• _WORK INSTRUCTION_
Return all of the listing word for word; the pictures stay out.

• _DATA BLOCK_
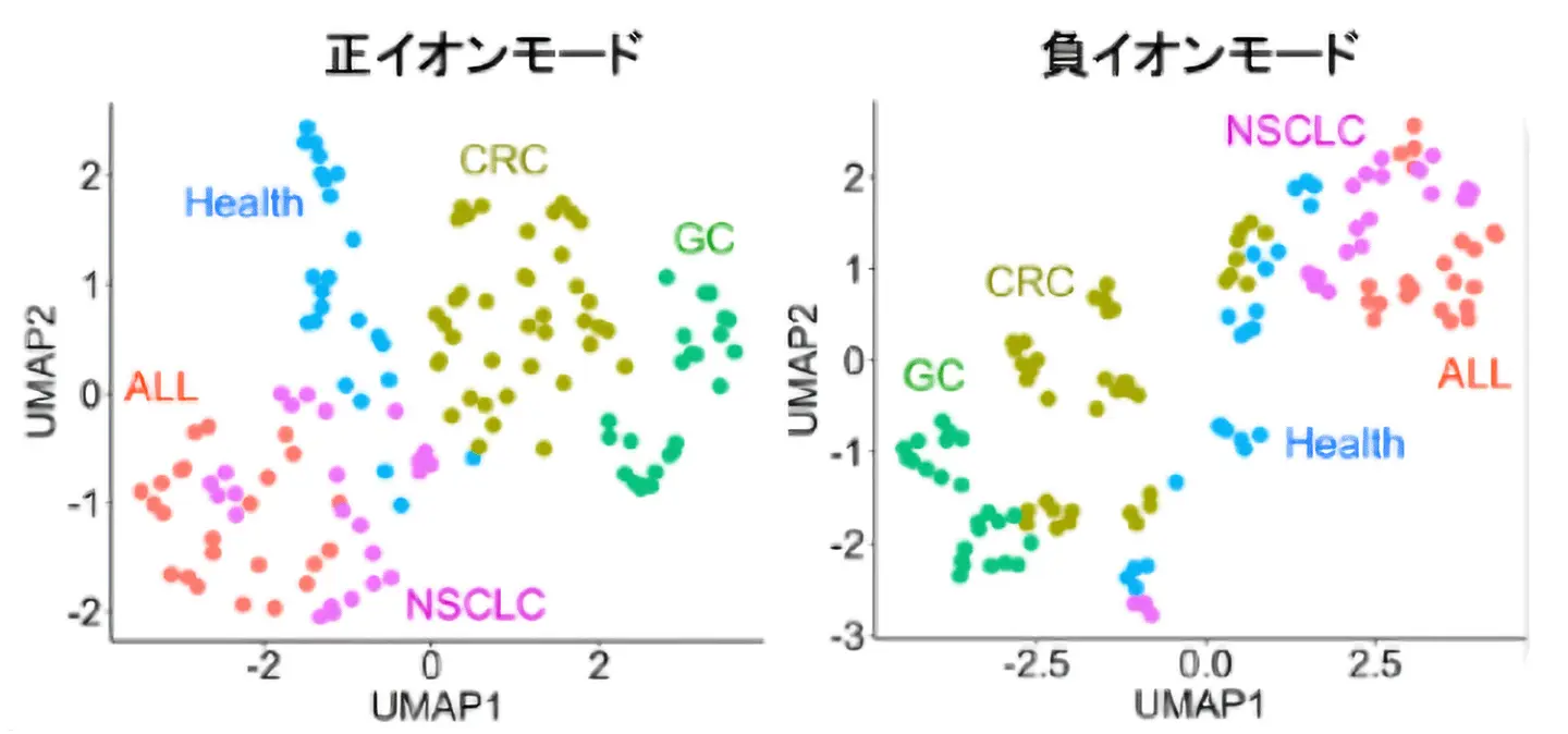 さらに本研究では、この超高速測定が実際の疾患の違いを捉えられるかを確かめるため、健常人と4種類のガン患者の血漿を解析しました。その結果、34検体という小規模ながら、データを圧縮表示するUMAP[用語8]と呼ばれる手法で、ガン種ごとの代謝物パターンの違いが明確に表れました(図2)。UMAPは高次元データを2次元に圧縮して表示する手法であるため、一部の検体では異なる群が近接して表示される場合もありますが、各患者由来のデータは全体として疾患ごとに異なる分布傾向を示していました。特に、ガン患者血漿で濃度が低下することが知られる「リゾホスファチジルコリン(LPC)」が、本研究のデータでも同様に低下しており、実臨床で見られる変化を正しく捉えられることが確認できました。
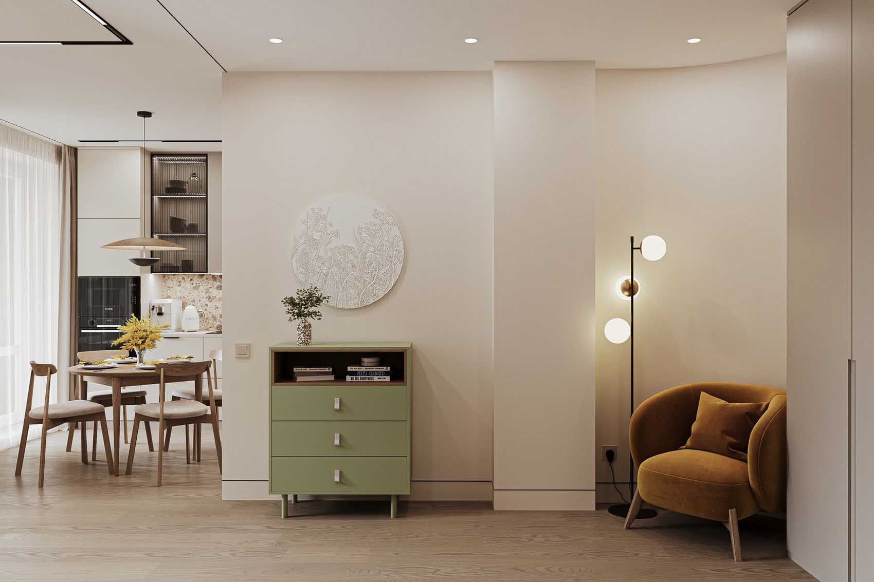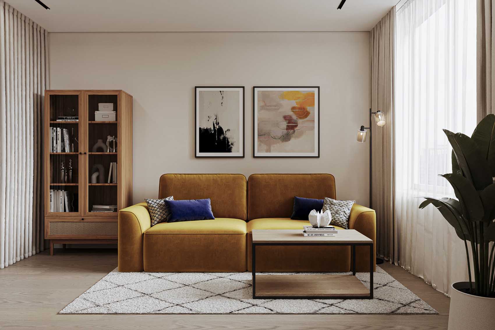 A nappali zónában a meleg bézs falszín és a világos fa árnyalatú SPC laminált padló adja az alapot. A tér fókuszpontja a mustársárga kanapé, amely élénk, mégis otthonos akcentust visz az enteriőrbe. A tárolást itt egy üveges vitrin oldja meg, amely könyveknek, dekortárgyaknak és iratoknak ad helyet, stílusában igazodva a TV-állványhoz. A világítás rétegzett: az általános mennyezeti fények mellett egy állólámpa biztosít hangulatvilágítást a kanapé mellett, tökéletes olvasósarkot teremtve.
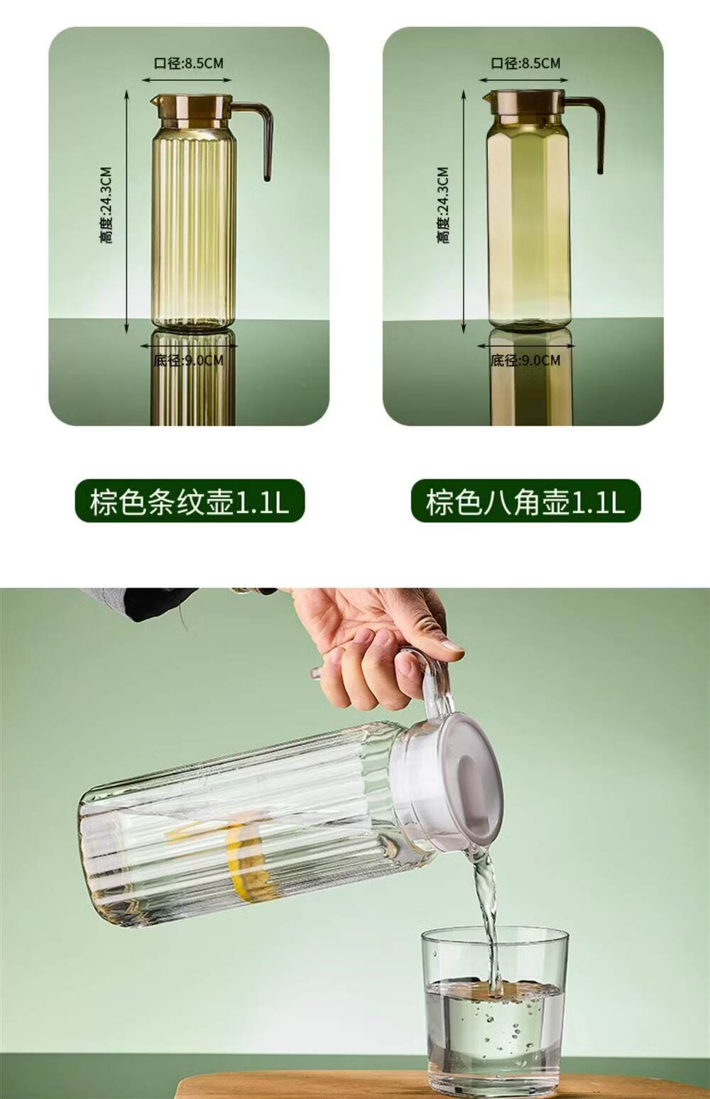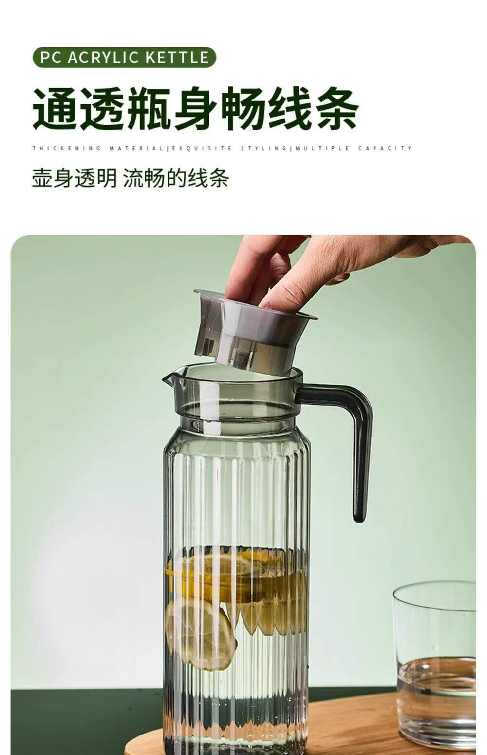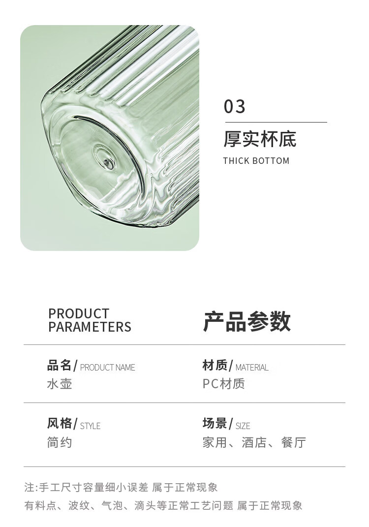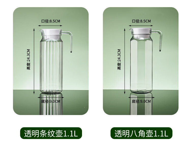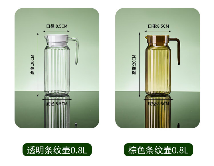 凉水壶家用耐高温大容量透明饮料壶 【抗高低温耐摔】PC【八角壶800ML】

• _RESULT_
 さらに本研究では、この超高速測定が実際の疾患の違いを捉えられるかを確かめるため、健常人と4種類のガン患者の血漿を解析しました。その結果、34検体という小規模ながら、データを圧縮表示するUMAP[用語8]と呼ばれる手法で、ガン種ごとの代謝物パターンの違いが明確に表れました(図2)。UMAPは高次元データを2次元に圧縮して表示する手法であるため、一部の検体では異なる群が近接して表示される場合もありますが、各患者由来のデータは全体として疾患ごとに異なる分布傾向を示していました。特に、ガン患者血漿で濃度が低下することが知られる「リゾホスファチジルコリン(LPC)」が、本研究のデータでも同様に低下しており、実臨床で見られる変化を正しく捉えられることが確認できました。
 A nappali zónában a meleg bézs falszín és a világos fa árnyalatú SPC laminált padló adja az alapot. A tér fókuszpontja a mustársárga kanapé, amely élénk, mégis otthonos akcentust visz az enteriőrbe. A tárolást itt egy üveges vitrin oldja meg, amely könyveknek, dekortárgyaknak és iratoknak ad helyet, stílusában igazodva a TV-állványhoz. A világítás rétegzett: az általános mennyezeti fények mellett egy állólámpa biztosít hangulatvilágítást a kanapé mellett, tökéletes olvasósarkot teremtve.
 凉水壶家用耐高温大容量透明饮料壶 【抗高低温耐摔】PC【八角壶800ML】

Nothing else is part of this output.